Parkinson’s Disease. It is a real, everyday battle for those who have it – but the disease did not receive prompt attention until actor Michael J. Fox pronounced his diagnosis publicly in the 1990s.
Who knew that this week’s loss in actor Robin Williams would bring Parkinson’s Disease to the forefront once again?
There were many who said that Robin Williams died of depression, while reports surfaced claiming that it is likely his drug rehab return (after having some small victory) is what led to him taking his own life. The wife of Robin Williams, however, says that her husband had Parkinson’s Disease – and that he did not want to disclose it, nor was he yet willing to talk about it.
“Robin’s sobriety was intact and he was brave as he struggled with his own battles of depression, anxiety as well as early stages of Parkinson’s Disease, which he was not yet ready to share publicly,” wife Susan Schneider told USA Today.
Parkinson’s Disease is characterized by an attack on the brain and nervous system. It can start with a quiver of the hand, or even a tremor of the body, which can then erupt into full-blown depression. It is this depression, a by-product of PD, that can make someone more prone to suicide and elevate a person’s risk for a suicide death.

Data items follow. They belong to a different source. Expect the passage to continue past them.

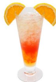
さすらいの重力王子 (アルコール/ノンアルコール) 価格：1,280 円
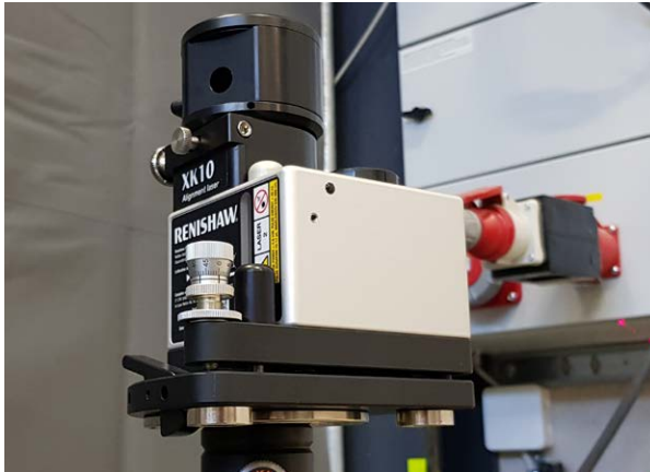
XK10 발사기에서 제공하는 다용도 고정 솔루션

"XK10에 투자를 통해 여러 장소에서 기계 정확도를 검증할 수 있게 되었다"라고 Similä는 전했습니다. "이 점은 이 프로젝트에서 특히 유용했는데, 그 이유는 작업을 마친 후 고객 부지로 운송하기 위해 기계를 해체해야 하기 때문입니다. 작업장에서 기계를 재조립한 후에 XK10을 사용하여 기계를 재점검할 수 있으므로 고객에게 정확성이 검증된 기계를 인도할 수 있습니다."
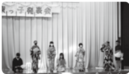
東っ子発表会から
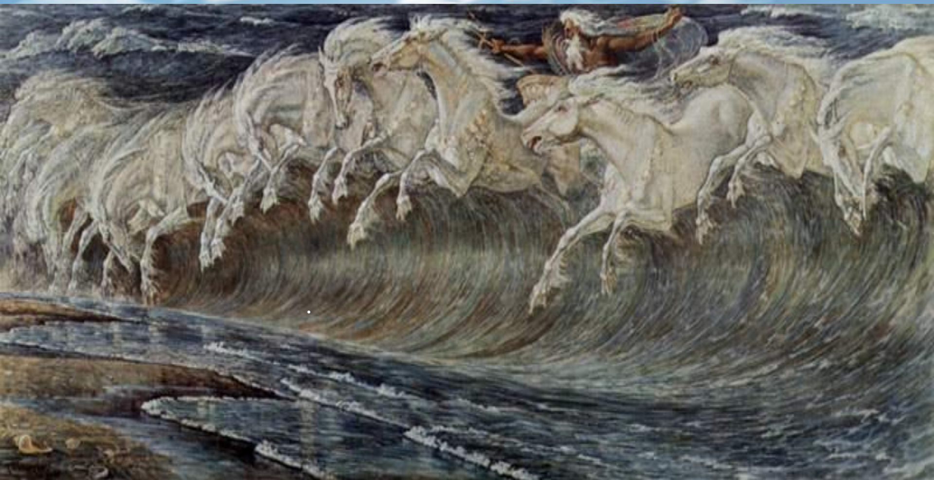
Крейн Уолтер. Кони Нептуна, 1892

Посейдон считался покровителем коневодства и имел прозвище Гиппий (Конный) . Морские кони – гиппокамы
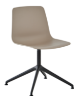
Aluminum swivel base Base giratoria de aluminio
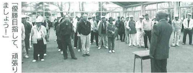
「優勝目指して、頑張りましょう！」
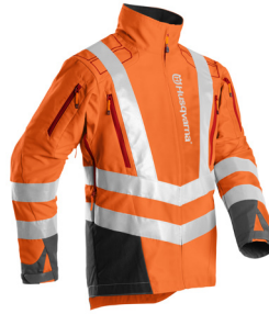
BRUSHCUTTING- AND TRIMMER JACKET, HIGH VIZ 597 24 59-54
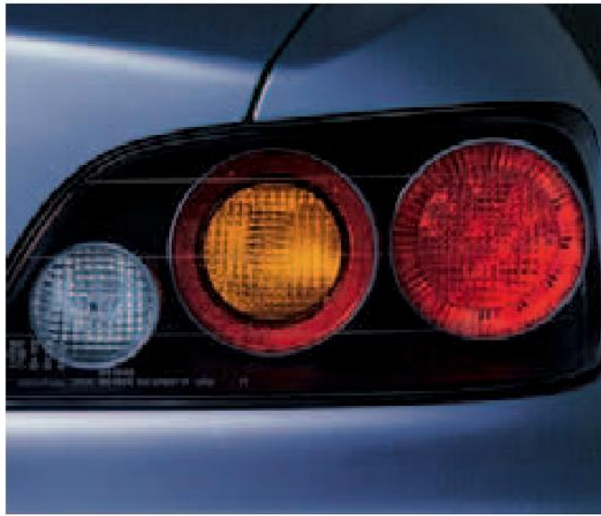
Luces traseras con LED de alta intensidad para mejorar la luminosidad.
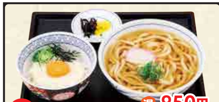
ミニ 温 850円 山かけ丼セット 冷 950円
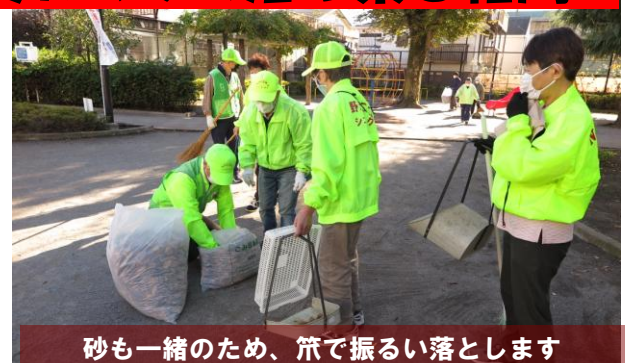
砂も一緒のため、箒で振り落としします

11日（木）午前9時前、野沢2丁目公園に13名が集まり、清掃活動を行いました。相変わらずたくさんの落ち葉があり、掃き集め、集めた量は450のゴミ袋2つになりました。鶴ヶ久保公園に比べれば1/5ほどの広さの公園ですが、大きな桜の木があり、砂場や滑り台、ブランコもあり、遊具も充実しているため、子どもたちには人気の公園。唯一泣き所はトイレが無いので、子どもたちには見せられない大人が行う“オープントイレ”、世田谷区の公園管理事務所に再三申し入れています、実現できていません。
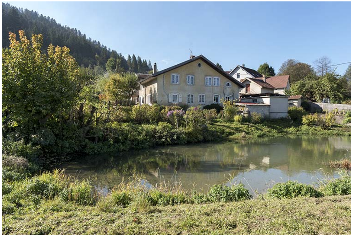
Vue d'ensemble, depuis le nord-est (façade latérale gauche).

25, Villers-le-Lac, 21 rue du Temple, lieudit : les Bassots

Immediately after Schneider confirmed her husband’s diagnosis, actor Michael J. Fox tweeted, “Stunned to learn that Robin had PD. Pretty sure his support for our Fdn predated his diagnosis. A true friend; I wish him peace.”
Robin Williams died Monday but was discovered Monday afternoon when his secretary barged into his room to find out why the actor had not contacted her. Williams’s wife went to work early that morning, thinking that her husband, upon getting home late, had gone to bed late and was merely sleeping. Robin Williams was known for his roles in “Jumanji,” “Mrs. Doubtfire,” “Good Morning Vietnam,” “Dead Poet’s Society,” “Flubber,” his role as the Genie in “Aladdin,” and his television appearance in Law and Order: SVU, among others. He was 63 years old.